- Exercise requirements
Everything in the listing below from the line containing "Рисунок 1.2 –" through the line containing "центр медіації, який" must be repeated exactly; the remaining lines are not wanted.

- Records shown
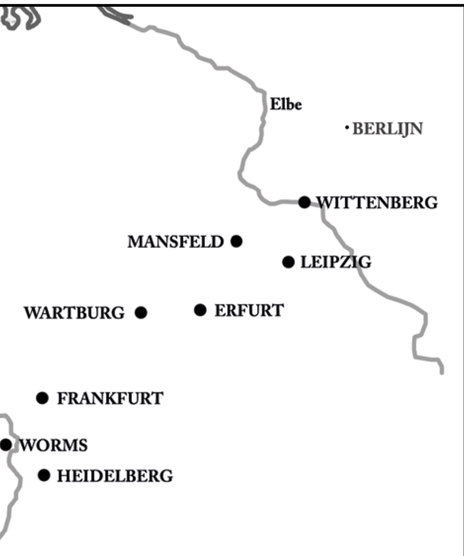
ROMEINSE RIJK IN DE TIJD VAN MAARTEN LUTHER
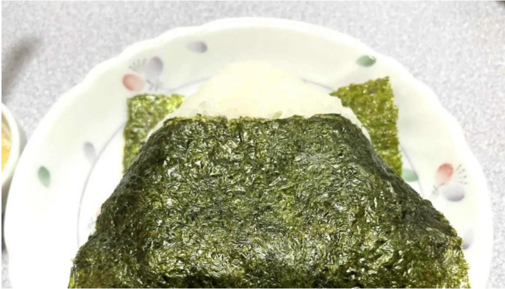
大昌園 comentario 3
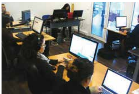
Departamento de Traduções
==
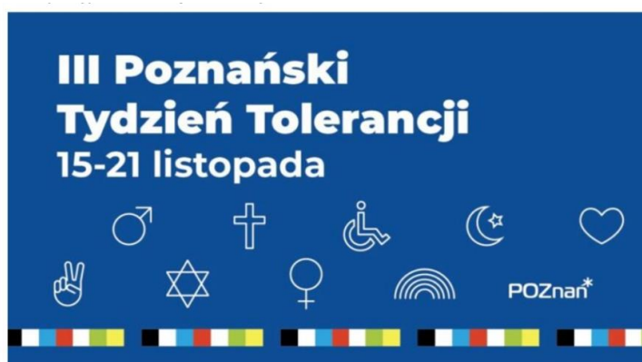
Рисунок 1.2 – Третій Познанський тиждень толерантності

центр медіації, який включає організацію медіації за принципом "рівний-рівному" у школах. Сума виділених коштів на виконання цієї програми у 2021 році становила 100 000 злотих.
--
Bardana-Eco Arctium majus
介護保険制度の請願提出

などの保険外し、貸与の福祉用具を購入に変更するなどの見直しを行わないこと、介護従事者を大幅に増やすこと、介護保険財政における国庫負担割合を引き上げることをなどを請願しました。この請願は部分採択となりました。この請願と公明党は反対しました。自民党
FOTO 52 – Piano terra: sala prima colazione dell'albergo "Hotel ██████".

- Answer for the task
Рисунок 1.2 – Третій Познанський тиждень толерантності

центр медіації, який включає організацію медіації за принципом "рівний-рівному" у школах. Сума виділених коштів на виконання цієї програми у 2021 році становила 100 000 злотих.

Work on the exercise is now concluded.